In addition, Flood’s claims arose from his employment at a T.G.I. Friday’s restaurant in Scarsdale, New York, which is in the Southern District of New York, Second Am. Compl. ¶ 50, and several of the other Named Plaintiffs’ claims arose from their employment at T.G.I. Friday’s restaurants in the neighboring Eastern District of New York, id. ¶¶ 55, 61, 66, 71. Plaintiffs also assert eight claims on a classwide basis under the NYLL, for which operative facts are more squarely focused in New York. Cf. Morris, 2012 WL 3964744, at *4 n. 2 (“When state law claims predominate and the heart of those claims focus on a particular state, courts will even transfer a case away from a corporate headquarters.”).

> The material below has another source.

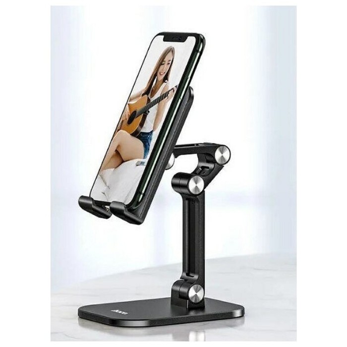 Держатель выполнен из прочных материалов, обеспечивая надежную и безопасную фиксацию устройства. Его можно установить на любой горизонтальной поверхности, благодаря чему он идеально подходит для просмотра видео, чтения, видеозвонков или работы с приложениями на большом экране. Черный цвет придает аксессуару стильный и минималистичный вид, который подходит для любого интерьера.

Finally, the Court is not persuaded by Defendants’ argument that transfer is warranted because the T.G.I. Friday’s restaurants in the Southern District of New York employ only three percent of Defendants’ tipped employees. See Def. Mem. 19; Cunningham Deck ¶ 15. This fact speaks to the widespread diffusion of the alleged harm and does not establish that the locus of operative facts is in the Northern District of Texas. Moreover, the T.G.I. Friday’s restaurants in the Northern District of Texas employ only six percent of Defendants’ tipped employees. See Cunningham Decl. ¶ 15. Courts have found similar differences to be inconsequential in determining the locus of operative facts. See, e.g., Montgomery v. Tap Enters., Inc., 06 Civ. 5799, 2007 WL 576128, at *4 (S.D.N.Y. Feb. 26, 2007) (rejecting defendant’s argument that “the cause of action [was] more substantially connected with Missouri” than with New York when 8.9 percent of defendant’s sales occurred in Missouri and 3.6 percent occurred in New York). Accordingly, the Court concludes that this factor does not weigh in favor of transfer.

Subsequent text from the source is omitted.